Maria Lassnig (1919–2014) is considered one of the most important painters of the 20th century. In the 1970s, she realized her main theme of self-portraiture and body perception with cinematic means. Some of these film works are part of the Lassnig canon, but many of the films she made in this creative phase remained unfinished, and are referred to as "films in progress." Two of Lassnig's close confidants – Hans Werner Poschauko and Mara Mattuschka – processed and completed these films according to Lassnig's original concept for the Maria Lassnig Foundation. Our book Maria Lassnig. Film Works covers many of these films and will now be presented to the public.
 
Renate Bertlmann (*1943), one of the most important representatives of feminist art in Austria, is also active in a number of artistic disciplines: graphic art, photography, drawing, object art, installation, performance – and film. Like Maria Lassnig, she is interested in the deconstruction of gender relations and clichés. In addition to her artistic work, Bertlmann has also been active in the women's movement since the 1970s.
 
With over 70 short films made between the 1960s and 1980s, Tatjana Ivančić (1913–86) is considered the most productive member of Cineclub Zagreb.

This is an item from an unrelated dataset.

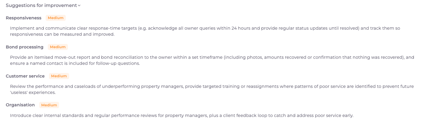 This section translates negative or mixed feedback into specific, actionable recommendations.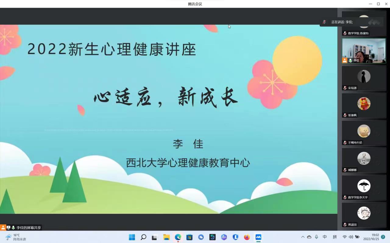 10月25日,yl88858cc永利官网联合艺术学院共同举办“心适应,新成长”线上讲座,心理健康中心李佳老师从健康从‘心’开始、什么是心理问题、大学生常见的心理问题、心理咨询等四个层次,引导同学们学习心理科学知识、正视心理问题、掌握应对策略、提高心理健康水平。

Ivančić, who had a doctorate in law, turned to amateur filmmaking in her fifities and appreciated the (artistic) freedom of this form of work, which at the same time occupied an undervalued position. Although Ivančić was an important figure in the context of Yugoslav experimental cinema and extremely successful at many amateur film festivals, her work has largely been lost. It is thanks to the initiative of Cineclub Zagreb in cooperation with the Croatian Cinematheque that the surviving 14 films have now been restored by the Austrian Film Museum. (Andrea Pollach)
 
In fall 2021 the Austrian Film Museum is launching a new film series, Collection on Screen, which will explore film history on the basis of our own film collection.